Putin’s irrational demeanor: Strategically insane

Has Putin gone mad? There is much to suggest that he is not – but uses a strategy that Nixon and Trump have already used.

Vladimir Putin looks to the side seriously

Calculated coolly despite all irrationality: Vladimir Putin Photo: Mikhail Klimentyev/Sputnik/dpa

Angry, paranoid, completely insane or at least cold and calculating: About the question Putin’s motives there is much speculation about his war of aggression. But it’s impossible to say what the Kremlin boss’s mind is like. With therapy sessions from a distance, and by laypeople at that, no serious clinical diagnoses can be made. The American Psychiatric Association, for example, has therefore imposed the so-called “Goldwater Rule” on itself, which condemns long-distance diagnoses by politicians and heads of government as irresponsible and unscientific. Nobody who hadn’t put Putin on the couch and treated him himself could give any information.

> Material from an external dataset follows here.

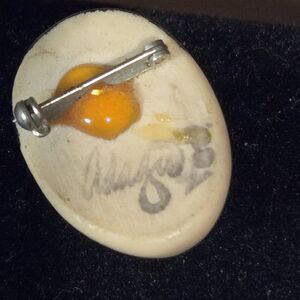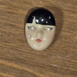 Beautiful Adagio porcelain face brooch pin. Hand crafted, hand painted, and signed by the artist. This particular face image is rare, with the small rhinestone as well. I have not found another one like it online. It measures approximately 1". Vintage 1980s

According to the Federal Intelligence Service, there is no objective evidence of a personality disorder. But what about Putin’s escalation, his confused speeches about the alleged drug addict “Nazi Jews” Selenski and to explain the exaggerated threats up to nuclear war? People as disparate as French President Macron, who is still talking to the Russians, and former US Secretary of State Condoleezza Rice, who has negotiated with him regularly for a good two decades, are unanimous in speaking of strange changes.

However, Putin’s shrill tones may have been strategically calculated. This was indicated, for example, by Finnish President Sauli Niinistö after a telephone conversation with Putin. “That could also be intentional — namely, to create confusion,” he told CNN. Putin would not be the first politician in history to go haywire to intimidate his opponents.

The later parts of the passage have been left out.